The actual workboot is complicated but I can reproduce my error with a simple calculation shown below. No doubt there are simpler ways to program this simple example, but in the actual complicated case using a do loop and appending to a list seems best, so I’d appreciate if someone could help me find my error.
* I’m trying to make c, a list of Arrays of Vectors, from within a do loop over the variable i.
* I calculate a Vector R for each value of i, and I want to append the current value of R to a list nmaed c. Evidently I’m appending the symbol R, because every way I do it, all members of c are equal to the latest value of R. I’ve tried eval, evalm(out of desperation...evalm is really for linalg, right?), value,...no success
with(LinearAlgebra): R:=Array(1..6); R[1]:=Vector([1,1,1]); R[2]:=Vector([2,2,2]); c:=[]; for i from 1 by 1 to 4 do for j from 3 by 1 to 6 do R[j]:=R[j-1]+Vector([i,i,i]); end do; c:=[op(c),eval(R)]; end do;
p.s. In the windows version is there a way to set a preference for making only the enter key start evaluation, not the return key. The is a way on the MAC version, but I haven’t found it on the windows versin.
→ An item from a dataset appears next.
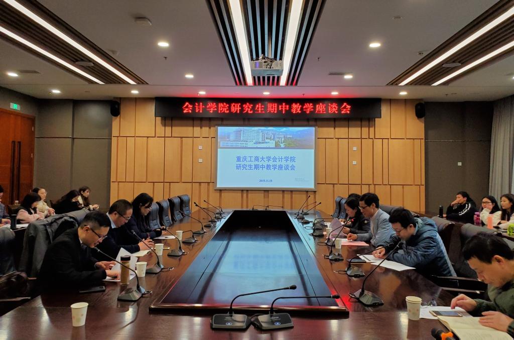 2019年11月19日下午,重庆工商大学OK138太阳集团研究生期中教学座谈会在图书馆第五会议室召开。OK138太阳集团副院长程文莉教授、专任教师代表、研究生管理人员及各班研究生代表参加了本次座谈会。

I am using Maple release 5 and have no problems. I see that the syntax in Maple 6 is different. I am surprise to see Capital letters at the starting of some instructions (like Array or Vector) that is the typical style of Mathematica.
Here is the example you just wrote down:
c := []; c := [] for i from 1 by 1 to 4 do for j from 3 by 1 to 6 do R[j]:= R[j-1]+vector([i,i,i]): od: c := [op(c),evalm(R[i])]: od: c; [[1, 1, 1], [2, 2, 2], [5, 5, 5], [10, 10, 10]]
I believe this is what you should get, shouldn’t it?.